Tau-Focused Clinical Trials Illuminate New Options

Because of its direct link to AD disease progression, tau is increasingly recognized as a critical treatment target for AD, with the potential to serve as a “reasonably likely surrogate endpoint” recognized by the FDA.1 Foundational data show that tau pathology correlates closely with neurodegeneration and may predict future cognitive decline, and that early intervention is likely the best way to stop AD. To establish tau as a reasonably likely surrogate endpoint, ongoing studies must demonstrate a consistent relationship between changes in tau pathology and clinical outcomes. This evidence is essential to support broader acceptance in both research and regulatory settings.

Much of today’s clinical research around tau in AD is focused on active and passive immunotherapies. At Johnson & Johnson, we’re conducting Phase 2b trials for two therapeutic candidates that target tau in preclinical and early AD. Both investigational therapies received Fast Track designations by the FDA, and the U.K.’s Medicines and Healthcare Products Regulatory Agency recently awarded one of these tau candidates with an Innovation Passport, the first step to accelerating a therapy’s time to market as part of the Innovative Licensing and Access Pathway. These designations reflect the growing urgency to advance novel and transformational therapies that, if approved, will have the potential to safely alter the course of this devastating disease.

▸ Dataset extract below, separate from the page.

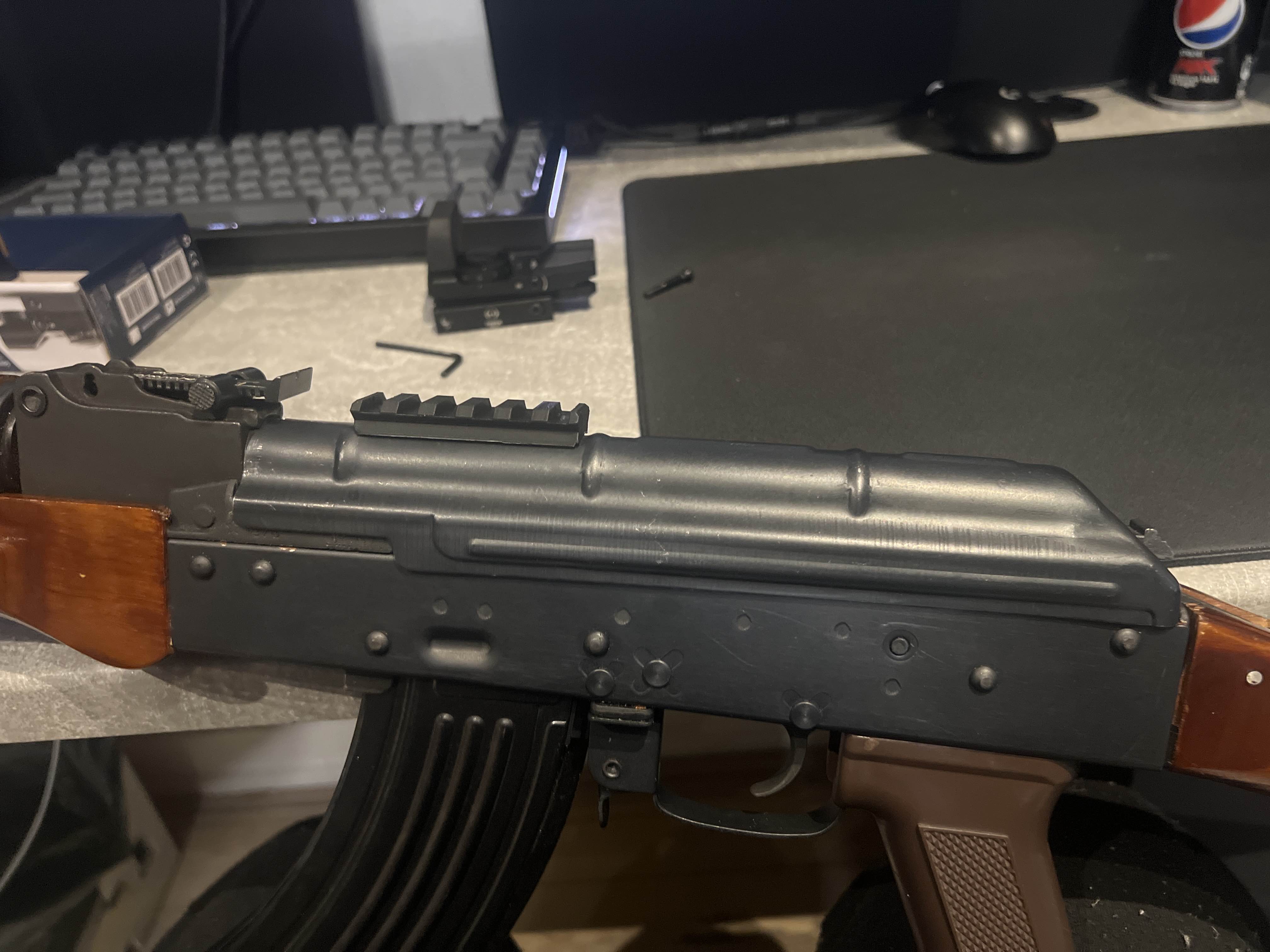 Mod thanh ray picatinny cho AK. Bạn cần khoan 2 lỗ trên nắp che bụi hoặc tìm nắp che bụi từ AK74-U rồi khoan 3 đinh tán ra, các lỗ sẽ thẳng hàng với 2 lỗ. Tôi in bằng đầu phun 0.4mm, chiều cao lớp 0.16mm và 100% độ đặc ruột.

Tracking Tau To Monitor And Address AD Pathology

We’re entering a significant breakthrough period in AD research and development, one marked not only by scientific progress but by a fundamental shift in what’s possible. Precision tools that allow us to trace biomarkers like tau over years or even decades may prove to be among our most powerful assets in understanding AD and developing therapies that slow symptoms or even halt disease progression. Molecular targets and precision tools, paired with an increasingly deeper understanding of the pathophysiology behind AD, are equipping us to help address the significant unmet medical need still faced by patients and families across all stages of the disease.

References:

  1. Makin S. The future of Alzheimer’s treatment. Nature. Accessed April 2025. https://www.nature.com/articles/d41586-025-01102-2.

About The Expert:

Fiona Elwood, Ph.D., is the neurodegenerative disease area stronghold (das) leader at Johnson & Johnson and has extensive experience in neuroscience and neurodegenerative research and development. She brings deep expertise in molecular mechanisms of neurodegeneration, including in tau biology, and the use of human cell models and advanced screening approaches to support novel target identification and validation.

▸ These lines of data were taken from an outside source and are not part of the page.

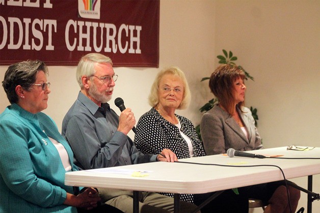 Before a crowd of about 70 people at Langley United Methodist Church’s Fellowship Hall, four candidates for two spots on the Whidbey General Hospital board of commissioners and the two Langley mayoral candidates responded to inquiries about their leadership style, what they want to improve and change, and where they want to take their respective agencies in the coming years.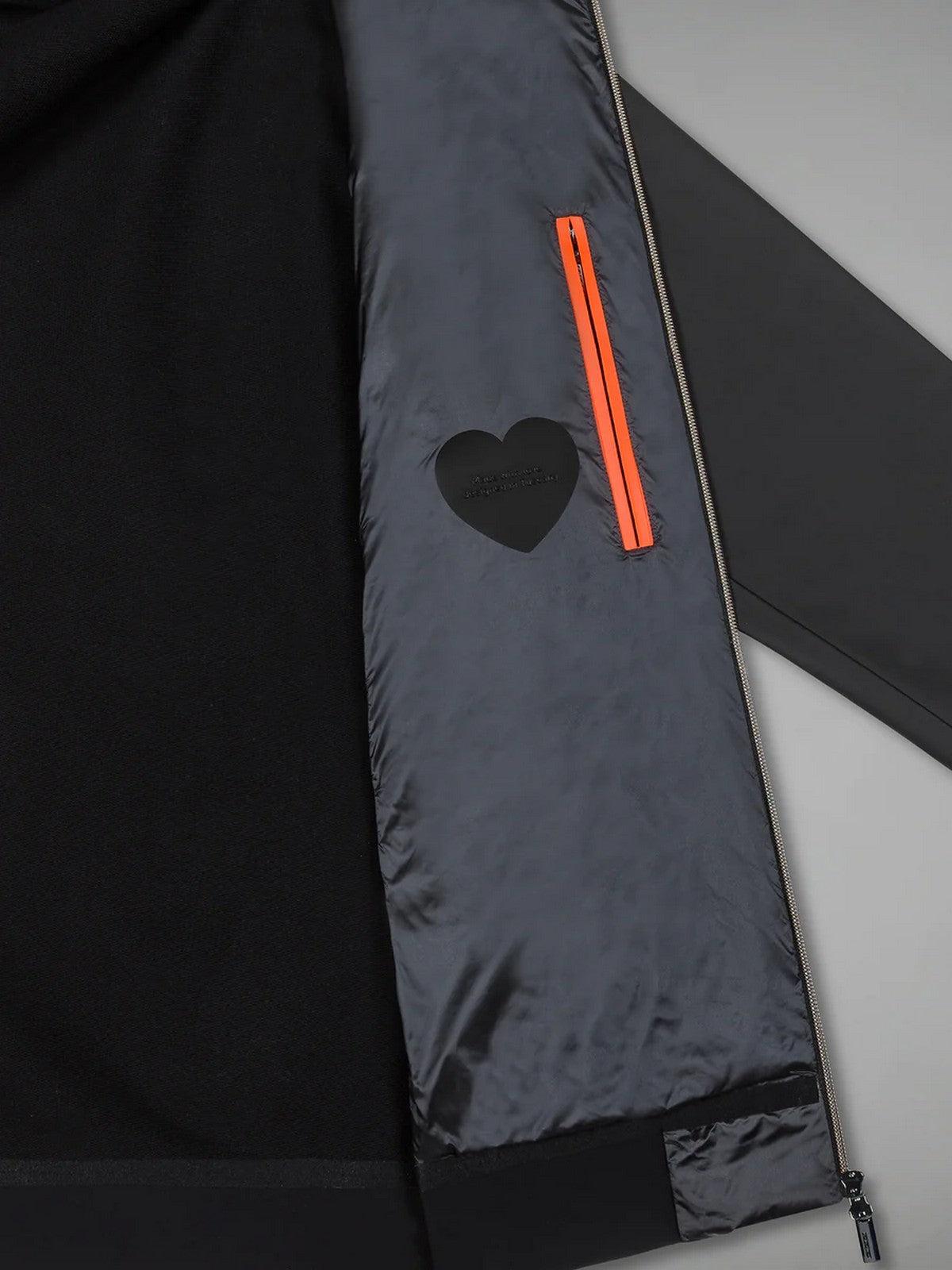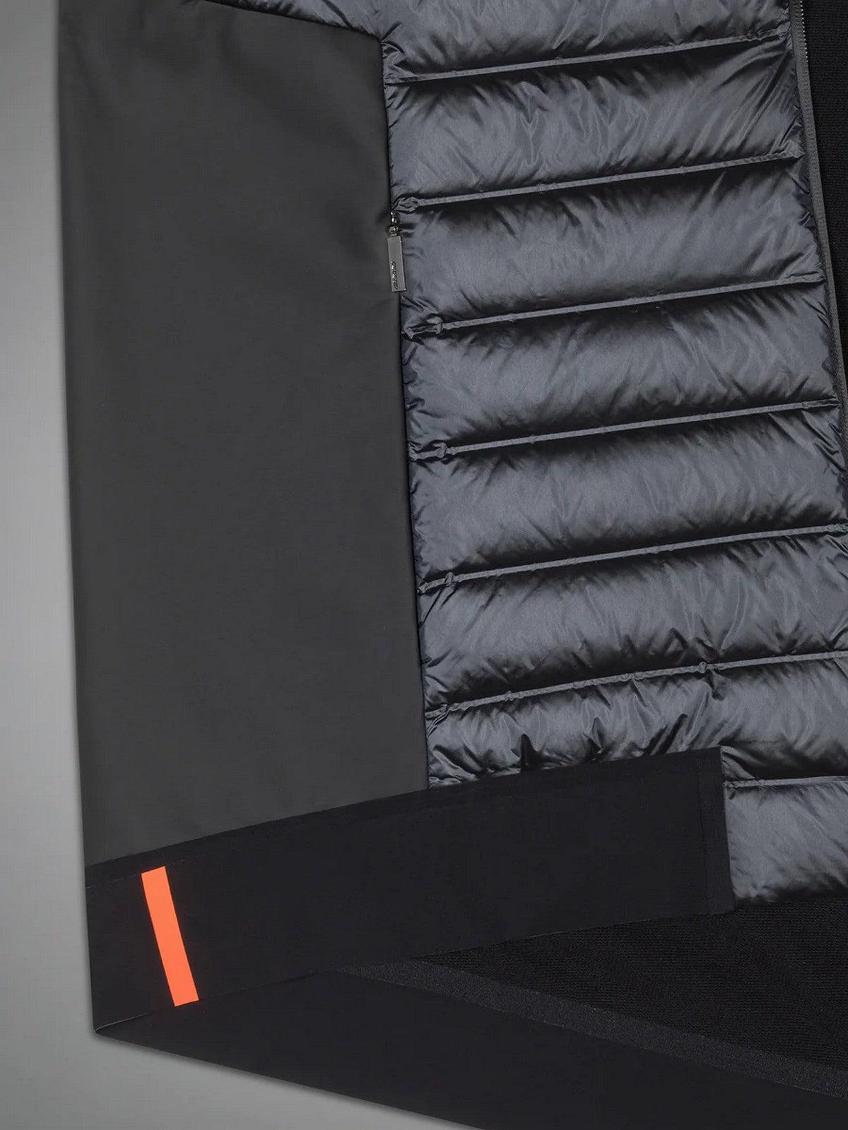 Giubbino RRD trapuntato a righe orizzontali sul fronte e in tessuto impermeabile sul retro. Interno con imbottitura in piuma d'anatra 90/10. Collo alto e maniche lunghe. Chiusura con zip integrale. Tasche sui lati zippate.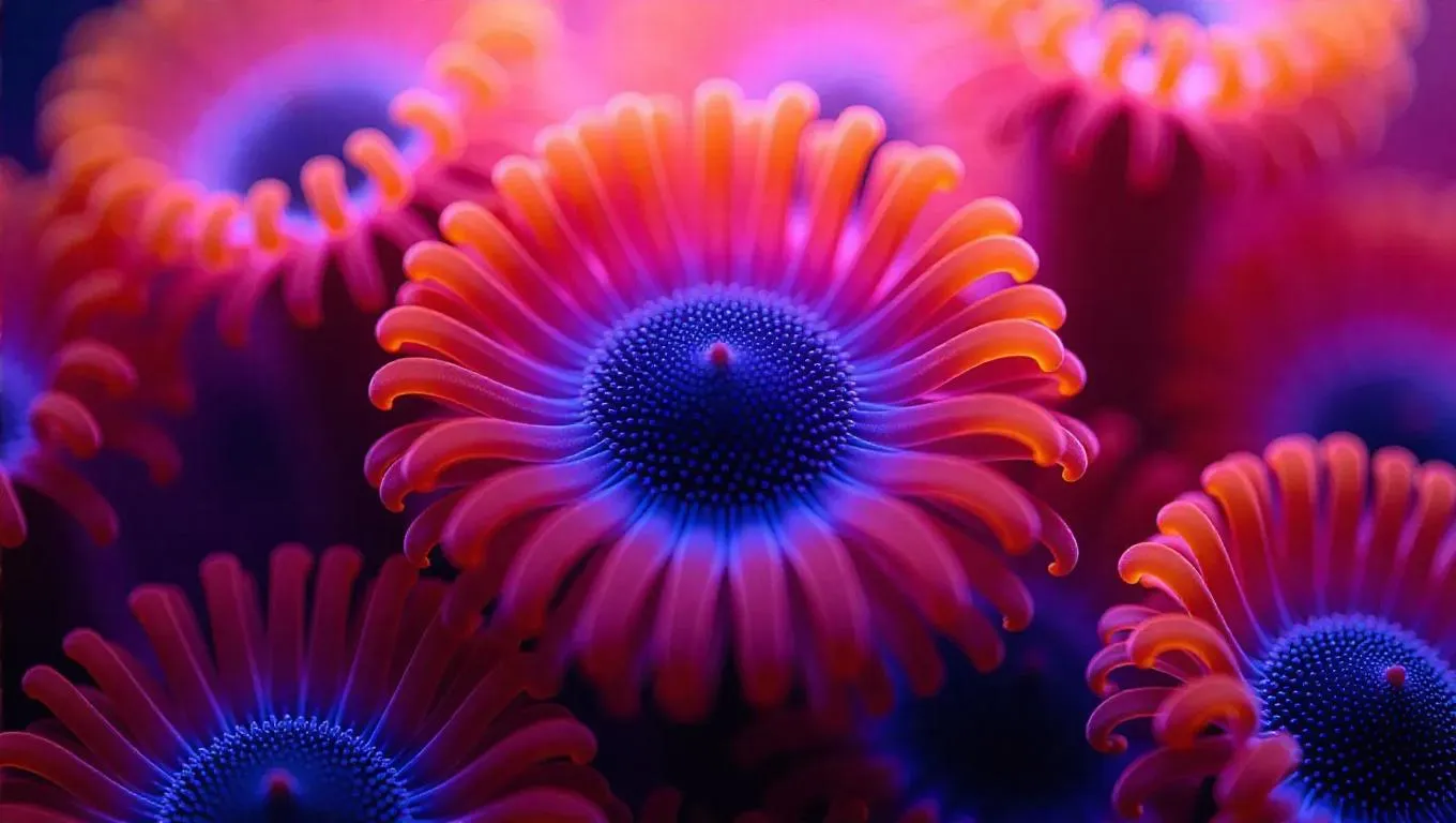 Macro shot of vibrant anemone tentacles swaying in the current, surrounded by traces of ocean currents and a soft, glowing underwater ambiance.

Prior to joining Johnson & Johnson, Fiona was most recently interim global head of neuroscience and head of neurodegeneration at Novartis Institute for Biomedical Research. Before moving to Novartis, she spent nearly 10 years at Merck Research Laboratories in positions of increasing responsibility.

Fiona received her doctorate in neuroscience from the University of London, United Kingdom, and completed her postdoctoral work in neuroscience at Stanford University.